Russian Oil Companies Should Use Siberian Rivers to Export Their Production, Verkhoturov Says

Paul Goble

            Staunton, Dec. 11 – Rather than waiting for the construction of pipelines or railways, Russian oil companies should ship their production via Siberian rivers to the Arctic where the oil can be transferred to ships and sent either eastward to the Pacific rim countries or westward toward Europe, Dmitry Verkhoturov says.

            These rivers are deep enough and wide enough for ships to carry oil at less cost per ton per kilometer than even pipelines, the Siberian economic reporter says; but up to now, Russian oil company executives have not exploited this route, although they will likely have to if oil increasingly is found far from existing pipeline routes (sibmix.com/?doc=19182).

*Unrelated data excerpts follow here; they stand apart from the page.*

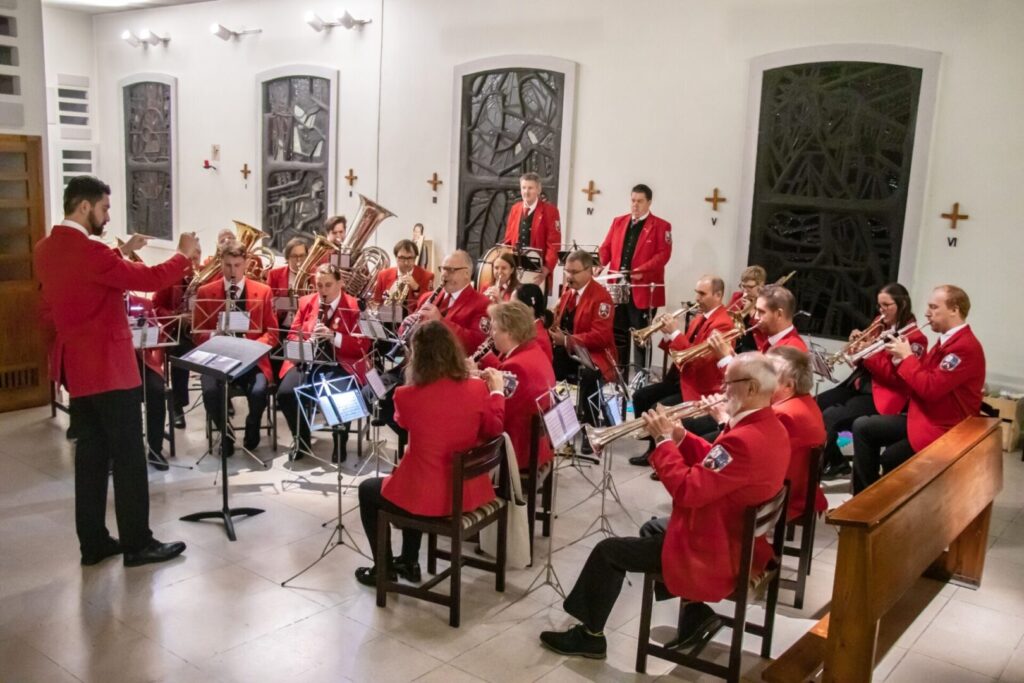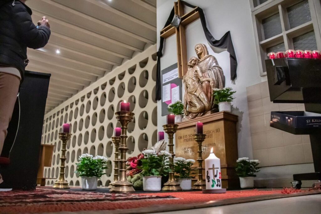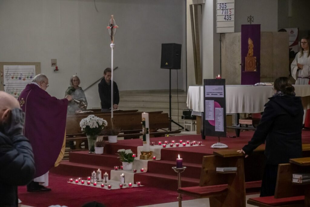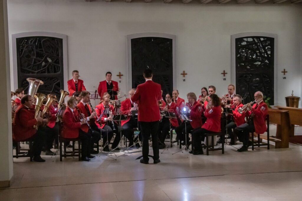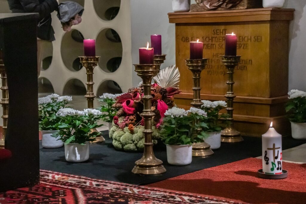 Der Kirchenchor und die Blasmusik Don Bosco umrahmten in der Abendstimmung den feierlichen Gottesdienst mit ihren berührenden Tönen. Eine Kerze wurde auch für die verstorbenen “Musizierenden” entzündet.
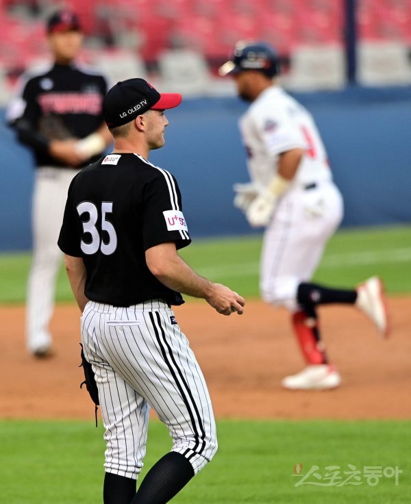 3회말 1사 1루 상황에서 LG 윌슨이 투런포를 허용하고 있다.
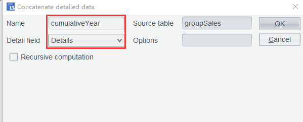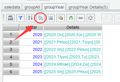 Step 5: Select table groupYear and click Concatenate Details Data icon (as shown below):
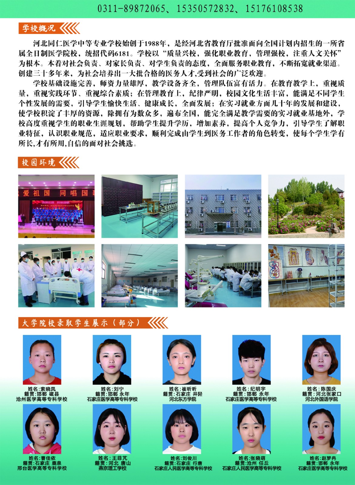 河北同仁医学院 招生热线:0311-89872065、15350572832微信刘老师、15176108538 微信
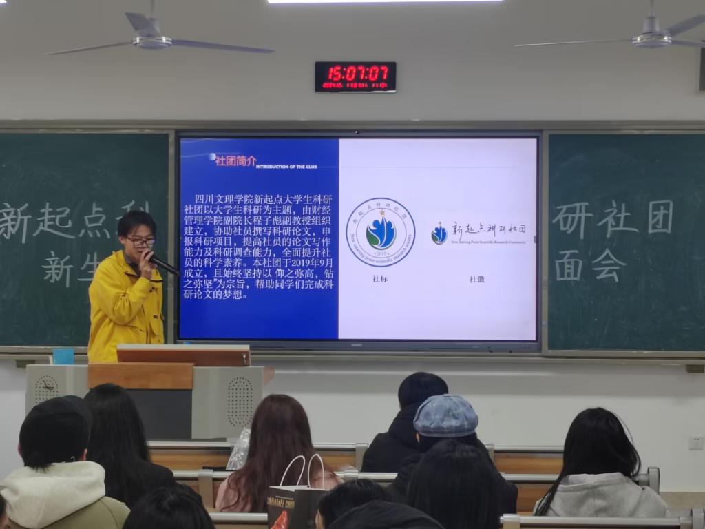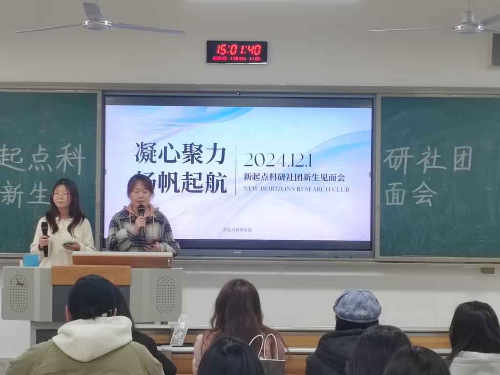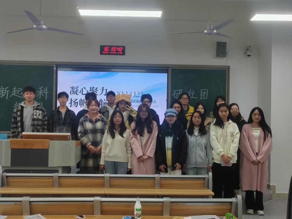 2024年12月1日下午,新起点科研社团在东区B410教室成功召开新生见面会,社团干部干事和部分社团成员参加了此次见面会。

            In addition to the lack of interest among oil company executives, Verkhoturov’s proposal faces two other major challenges: the fear of Russia’s growing environmental movement that such transit will lead to accidents and the contamination of these rivers and the problems Moscow is having with keeping ports where these rivers empty into the Arctic ice free.

            There has been a great deal of attention to the potential environmental impact of such use of Siberia’s rivers (https://windowoneurasia2.blogspot.com/2025/04/russians-want-to-develop-arctic-but.html). There has been much less to the problems of ice in ports where the rivers reach the Arctic.

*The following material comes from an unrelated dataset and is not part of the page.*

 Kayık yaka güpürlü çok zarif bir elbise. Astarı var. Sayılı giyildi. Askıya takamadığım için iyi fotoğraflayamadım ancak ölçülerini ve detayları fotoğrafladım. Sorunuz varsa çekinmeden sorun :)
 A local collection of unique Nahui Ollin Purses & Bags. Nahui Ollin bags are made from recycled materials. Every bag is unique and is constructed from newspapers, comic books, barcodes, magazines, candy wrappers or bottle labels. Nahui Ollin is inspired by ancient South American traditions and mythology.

            But that is now becoming a major issue. Even as Moscow officials are celebrating that for the first time ever, Russia has eight nuclear icebreakers on the Northern Sea Route (arctic.ru/infrastructure/20251211/1065451.html), smaller Russian icebreakers aren’t available to keep key ports there ice free and open for navigation.

            The Barents Observer reports that a Russian tanker had to give up on making a planned stop at the port where the Ob flows into the Arctic because no Russian icebreaker was available to open a channel (thebarentsobserver.com/news/shadow-tanker-blocked-by-arctic-sea-icenbsp/442007).

            The lack of a sufficient number of icebreakers capable of keeping ports open is not only yet another reason why Verkhoturov’s proposal is unlikely to go anywhere but also why nuclear icebreakers alone are unlike to be sufficient to solve the NSR’s ice problems however impressive they appear and however often Moscow officials point to them as a kind of salvation.